### Directions for this task
Type out the lines below exactly, from the first through the line holding "The fundraiser will", and include no pictures.

[Excerpts from a dataset]
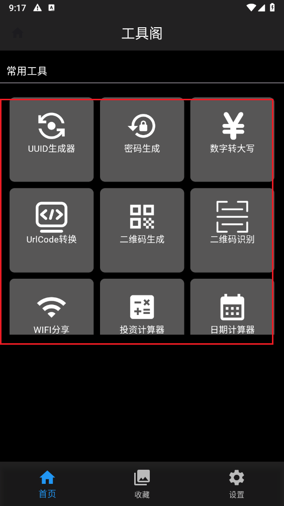 最后切換至收藏板塊,可以查看所收藏的工具。
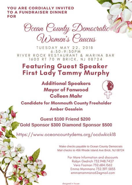 The fundraiser will be held on Tuesday, May 22nd at 6:30pm, at the River Rock Restaurant and Marina Bar, 1600 Route 70 in Brick. Tickets for this special event are limited, so if you’d like to attend, buy your ticket now by using the following link: https://www.oceancountydems.org/ocdwkick18.
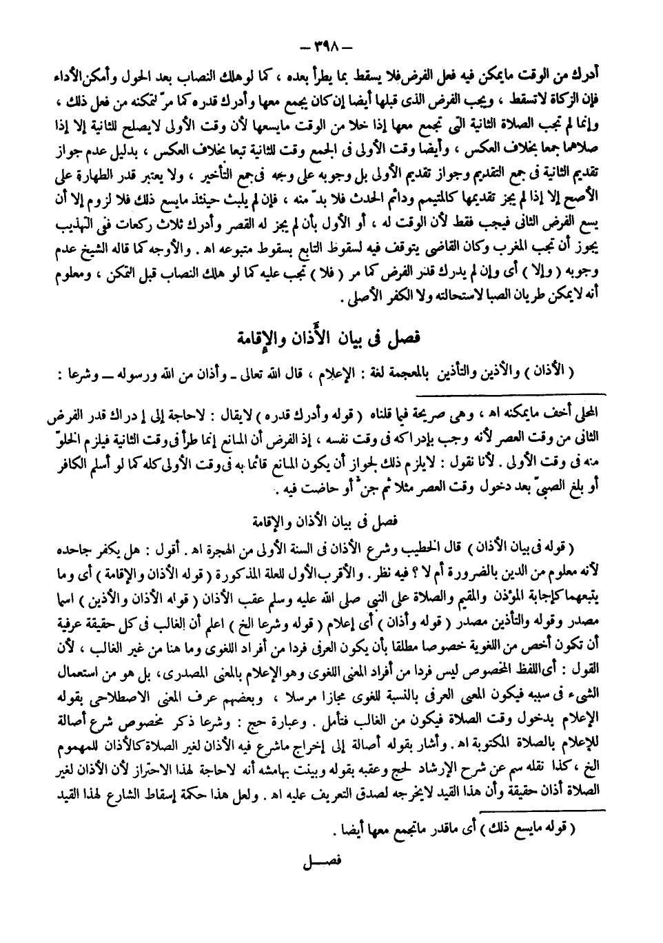 فَصْلٌ فِي بَيَانِ الْأَذَانِ وَالْإِقَامَةِ (قَوْلُهُ: فِي بَيَانِ الْأَذَانِ) قَالَ الْخَطِيبُ وَشُرِعَ الْأَذَانُ فِي السَّنَةِ الْأُولَى مِنْ الْهِجْرَةِ اهـ. أَقُولُ: هَلْ يُكَفَّرُ جَاحِدُهُ لِأَنَّهُ مَعْلُومٌ مِنْ الدِّينِ بِالضَّرُورَةِ أَمْ لَا؟ فِيهِ نَظَرٌ.
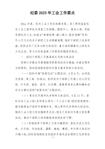 纪委工会将聚焦服务职工、提升素质、维护权益、促进和谐,推动各项工作创新发展,具体措施如何落实?公文包网友为您分享整理的“纪委2025年工会工作要点”范文资料,以供您参考学习之用,希望喜欢。
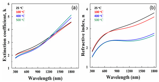 (a) Extinction Coefficient (k), and (b) Refractive index (n) as a function of wavelength. Data are shown for samples at 25 °C, 100 °C, 400 °C, and 500 °C.
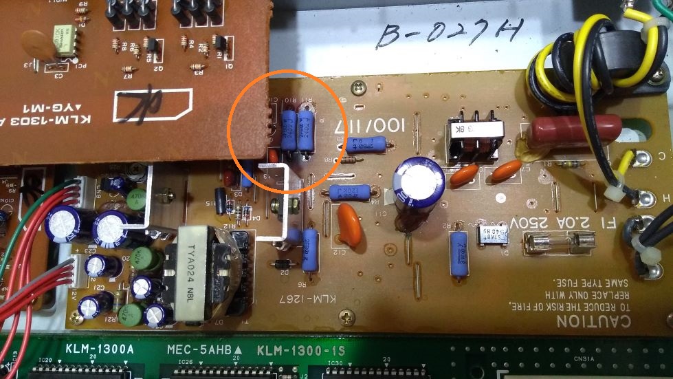 - La fuente de alimentación de 100/117 voltios en muy buen estado exceptuando lo señalado en el circulo naranja, la placa está un poco chamuscada porque la temperatura que deben pillar esas 2 resistencias debe ser alta... es poca cosa y se podria arreglar facilmente soldando esas resistencias alejándolas de la placa:
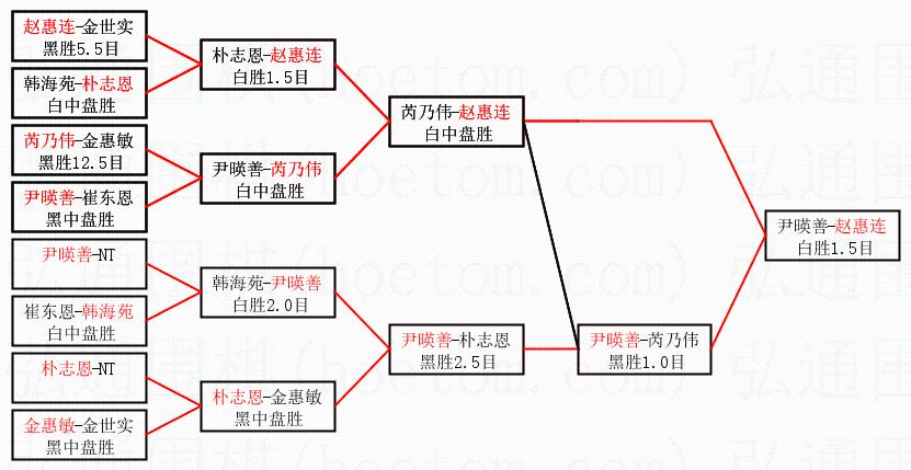 1.赵惠连获得冠军,尹暎善获得亚军。决赛比分:赵惠连2:0尹暎善。棋局:

### Response to this task
 最后切換至收藏板塊,可以查看所收藏的工具。
 The fundraiser will be held on Tuesday, May 22nd at 6:30pm, at the River Rock Restaurant and Marina Bar, 1600 Route 70 in Brick. Tickets for this special event are limited, so if you’d like to attend, buy your ticket now by using the following link: https://www.oceancountydems.org/ocdwkick18.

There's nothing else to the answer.